Outside France, reliable farming and export statistics for Europe remain fragmented.

The Netherlands, at one moment, was reported to be one of the world’s largest exporters of raw/retted hemp, accounting for roughly 30% of global exports, and a top exporter of processed-but-not-spun hemp fiber.

Grand Est leads

The Grand Est region remains France’s dominant hemp-growing zone and a core industrial cluster for processing and infrastructure.

According to regional agricultural authorities, Grand Est accounted for 11,752 hectares of industrial hemp in 2024 — roughly 46% of hemp area tied to France’s Common Agricultural Policy declarations — with production concentrated mainly in the Aube and Marne departments, in the northeastern corner of the country. Regional hemp acreage has increased sharply since 2019, while organic hemp farming expanded from fewer than 100 hectares in 2015 to roughly 1,500 hectares by 2022, the latest year for which that figure is available.

For comparison, Europe’s leading hemp-producing countries are estimated to account for hemp fields totaling roughly 36,000-38,000 hectares. However, the EU still lacks a strong unified statistical reporting system for hemp production.

The French way

France’s long-established hemp industry is built around the market for certified seed, cooperative processing structures and a focus on fiber and grain markets.

French breeding programs have concentrated on varieties with higher fiber yields and extremely low THC levels. Hemp straw yields range from six to eight metric tons per hectare, while grain yields average roughly one metric ton per hectare, according to the report.
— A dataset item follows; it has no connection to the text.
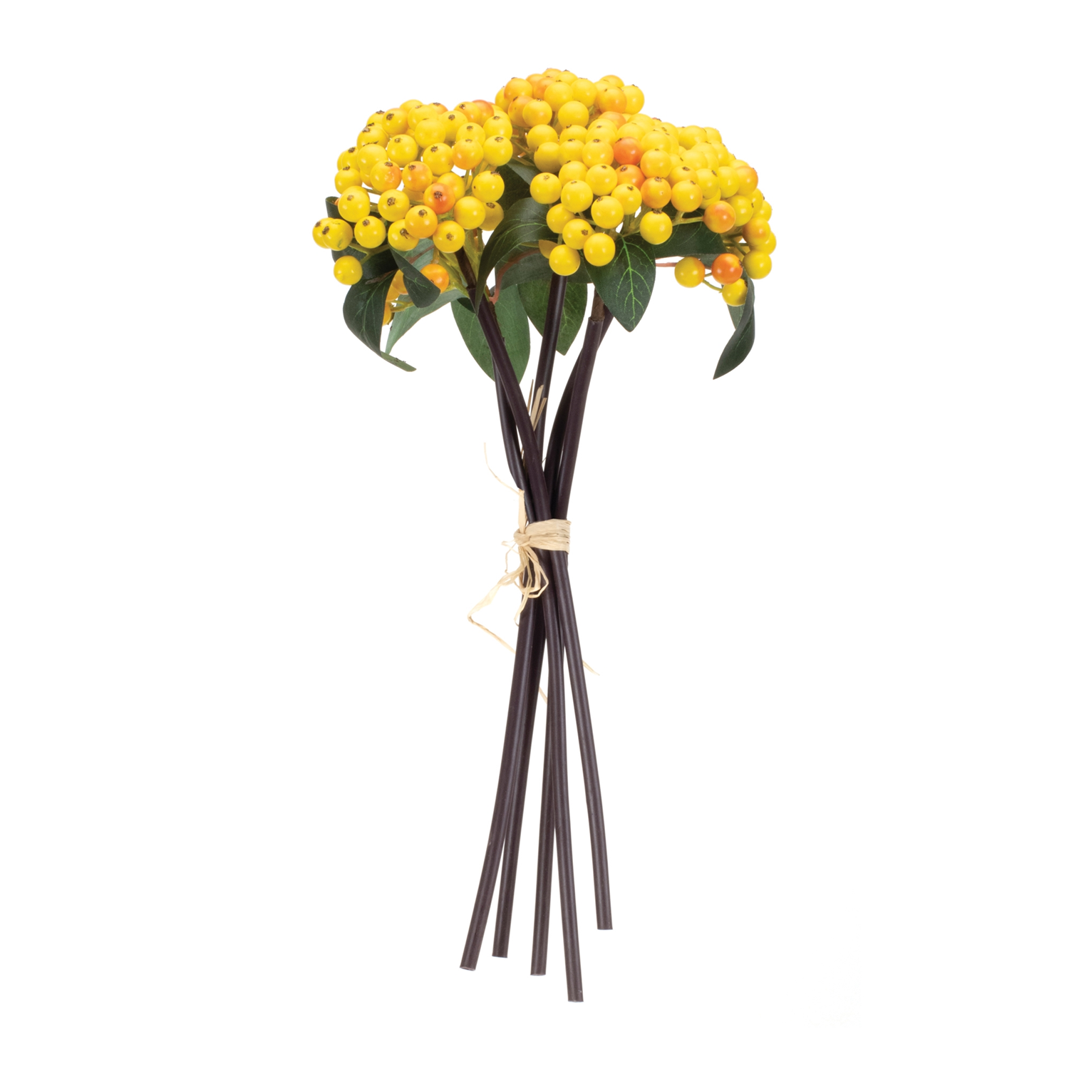 Bring a refreshing touch of nature into your space with this charming Yellow Berry Bundle Set. Designed to brighten any room, these lifelike faux stems feature vibrant yellow berries and lush green accents, making them a perfect addition to floral arrangements, vases, or wall baskets. Crafted from high-quality polyester, foam, and wire, they offer long-lasting beauty without maintenance. Whether enhancing seasonal decor or complementing everyday styles, these faux berry bundles provide a timeless, natural aesthetic to your home. Sold in a set of two matching pieces to create a balanced display in your floral vases and arrangements.

France also continues expanding textile-oriented hemp trials as Europe’s natural fiber supply chains evolve.

Full utilization

The FranceAgriMer overview highlights how extensively France has developed downstream uses for nearly every component of the hemp plant.

Hempseed is directed mainly into food products, oils and protein ingredients, as well as bird seed and fishing bait. Hurd is used for animal bedding, construction materials and landscaping mulch. Fiber feeds paper, insulation, composite and textile markets, while even low-value dust and fines are recovered for energy production and composting.

The figures also reveal a sharp imbalance between physical volume and economic value inside the French hemp value chain.



Hurd accounts for the largest share of processing output by weight, but fiber generates the highest economic return, accounting for 50% of total value despite making up just 28% of product weight, according to the report.

That imbalance helps explain why many French strategies increasingly focus on higher-value fiber markets tied to construction materials, advanced composites and textile development.

Flowers and extracts remain a relatively small segment of the overall French hemp economy, used mainly in pharmaceutical applications and marginally in cosmetics and food supplements. But changes at the EU level could eventually wipe out most of that business.

Industry structure

France’s hemp sector is organized around InterChanvre, the country’s interprofessional hemp body, which coordinates development efforts between growers and processors. The organization formally excluded flowers from its scope beginning in January 2024, reinforcing the separation between France’s industrial hemp economy and the cannabinoid sector.

InterChanvre works alongside the National Federation of Hemp Producers (FNPC), the Hemp Processors Union (UTC), the technical institute Terres Inovia, seed cooperative HEMP’it, and research organizations including Fibres Recherche Développement (FRD) and the French National Research Institute for Agriculture, Food and Environment (INRAE).

The regional concentration reinforces a defining characteristic of the French hemp industry: production and primary processing infrastructure remain closely linked geographically, allowing France to operate as an integrated industrial system.